Dante shifted his gaze to her. “It was rough,” he said, then sighed and kissed her wrist again. “And not something I think either of us will ever forget. Missy Schneider didn’t deserve what was done to her.”

That was an understatement. “Yes,” she said, her earlier enthusiasm over the Joyces being reunited with their son now lost as she pictured Missy’s baby, the umbilical cord wrapped around his neck four times. “That crime scene will stay with me for a long time. We can’t be sure if there’s a connection between what happened in Montour and the missing boys, but it’s not something we’re discounting.”

“Not with the coincidences,” Dante added. “DCI’s computer forensics investigators are going to check Missy’s emails. We told them about our current investigation and how the kidnapper was possibly looking at black Labs on a library computer. If Missy and the woman had been emailing, and the IP address leads DCI to a library in or near St. Joseph, that’s going to strengthen our suspicions.”

“Were the forensics investigators able to find any fingerprints or DNA evidence?” Phil asked.

“Another hair,” she said. “But it was brown, not blond. Forensics also thinks it’s synthetic.”

“A wig?” Phil asked. “I wonder why they’d bother with a wig… Unless they weren’t planning on killing Missy.”

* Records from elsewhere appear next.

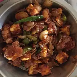 • Manchurian, generally consisting of a variety of deep-fried meats, cauliflower (gobi) or paneer with vegetables in a spicy brown sauce.[20] It is basically a creation of Chinese restaurants in India, and bears little resemblance to traditional Manchu cuisine or Chinese cuisine.[21] It is said to have been invented in 1975 by Nelson Wang; Wang described his invention process as starting from the basic ingredients of an Indian dish, namely chopped garlic, ginger, and green chillis, but next, instead of adding garam masala, he put in soy sauce, followed by cornstarch and the chicken itself.[22] A popular vegetarian variant replaces chicken with cauliflower,[20] and is commonly known as gobi manchurian. Other vegetarian variants include mushroom, paneer, baby corn, veg Manchurian.
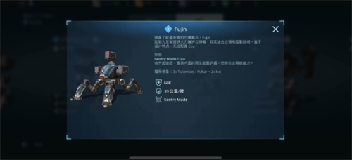 对于玩家们来说,入门用这款机甲准没错,它可以带着你从新手小白转身为中级玩家。这款机甲可以在天上飞,还能够将不同的障碍直接跨越,在空中有着非常灵活的操作感。有许多机器人都拿它没有办法。
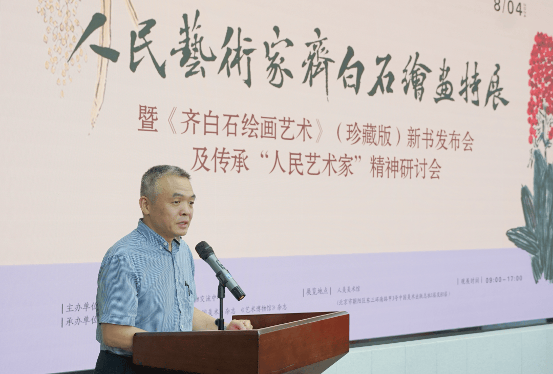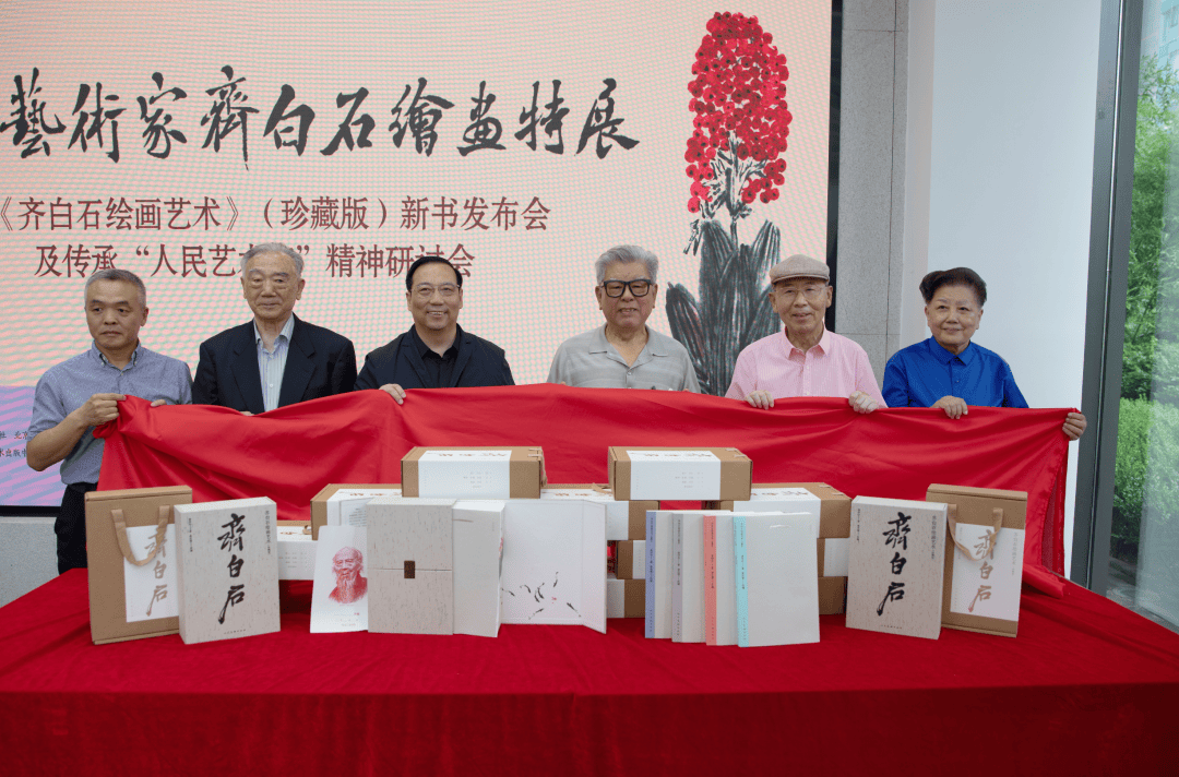 ——齐白石绘画特展”盛大开幕 《齐白石绘画艺术》(珍藏版)新书同步发布7月24日,为传承中华优秀传统文化,“人民艺术家——齐白石绘画特展”暨《齐白石绘画艺术》(珍藏版)新书发布会及传承“人民艺术家”精神研讨会系列活动,在人民美术出版社隆重开幕。中国文联原党组书记胡振民、中国出版集团总经理常勃、中宣部出版局副局长杨芳、文化和旅游部艺术司副司长何亚文、北京市文物局副局长宋豪杰等出席开幕式,人民美术出版社总编辑高世屹和社领导班子成员,中国美术馆、中国艺术研究院、北京画院、中央美术学院、北京师白艺术研究会等各界人士百余人参加开幕式。人民美术出版社总经理赖雪梅主持开幕式。
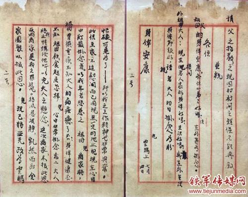 父母亲大人:儿久未写信回来,因为学习的时间太忙,所以未抽闲将儿一切的情形告诉大人,儿1934 年参加军队未曾叩见过大人,不知大人容形及玉体如何?殊为可宪。

She shrugged. “That’s hard to say. What’s interesting is that it only looks like one person was in the kitchen.”

Dante nodded. “Yeah, this is something Jessica and I kept going back to on our drive home. Because of the storm, any footprints or tire tracks that might’ve been left in the driveway were washed away. The front door was locked—with a deadbolt. The back door wasn’t locked at all. We’re thinking that one of the kidnappers met with Missy, she let her in the house and locked the door behind them. Could be that after the female knocked Missy unconscious, she let the male in through the back.”

“Makes sense,” Phil said. “When my wife was pregnant with Maddy, she was very paranoid. She wouldn’t even let the cable repair guy in the house unless I was home.”